## What is required
Please, without any pictures, transcribe the lines from the one holding "Die Halle verfügt" to the end of the listing, both ends included.

## Provided material
===============

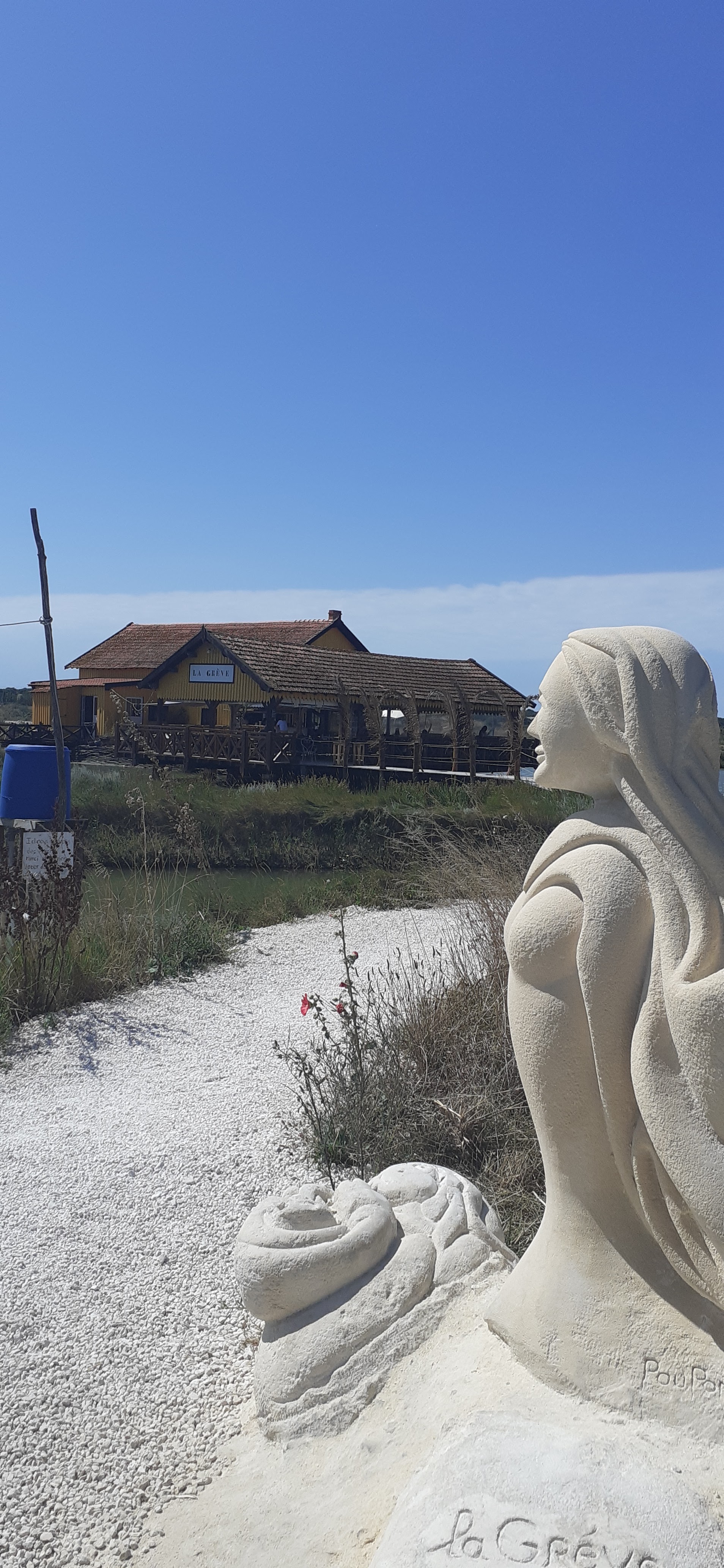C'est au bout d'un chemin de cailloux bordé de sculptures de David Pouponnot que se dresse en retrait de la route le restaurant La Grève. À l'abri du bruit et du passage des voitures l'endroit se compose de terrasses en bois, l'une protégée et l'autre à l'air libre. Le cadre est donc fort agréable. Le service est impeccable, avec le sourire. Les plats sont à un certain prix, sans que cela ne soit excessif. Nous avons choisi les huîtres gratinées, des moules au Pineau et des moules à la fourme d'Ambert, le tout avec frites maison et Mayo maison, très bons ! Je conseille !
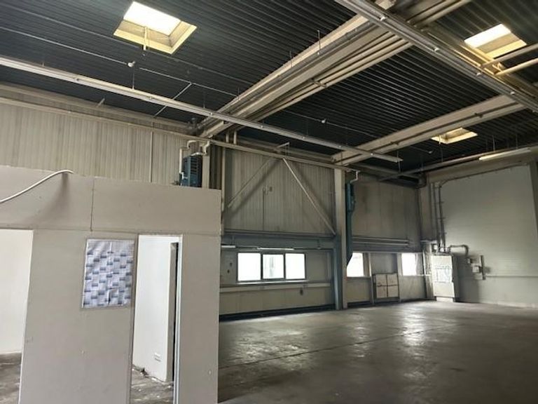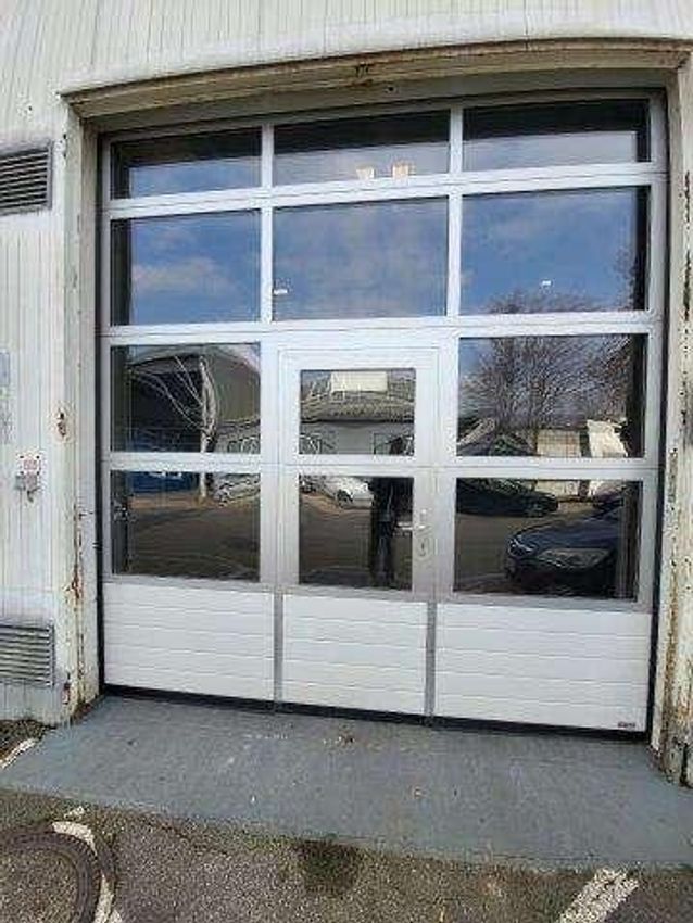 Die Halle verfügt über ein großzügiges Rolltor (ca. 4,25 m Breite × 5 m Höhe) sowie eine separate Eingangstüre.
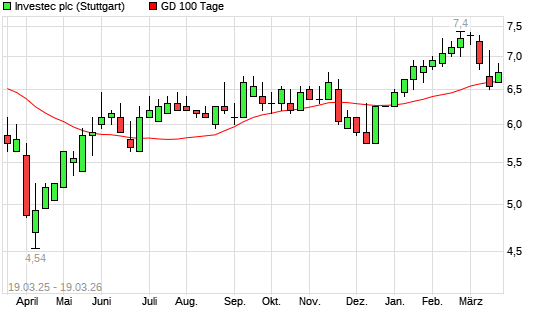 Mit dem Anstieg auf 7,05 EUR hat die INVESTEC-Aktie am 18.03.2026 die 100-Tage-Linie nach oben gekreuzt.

===============

## Response to this task
 Die Halle verfügt über ein großzügiges Rolltor (ca. 4,25 m Breite × 5 m Höhe) sowie eine separate Eingangstüre.
 Mit dem Anstieg auf 7,05 EUR hat die INVESTEC-Aktie am 18.03.2026 die 100-Tage-Linie nach oben gekreuzt.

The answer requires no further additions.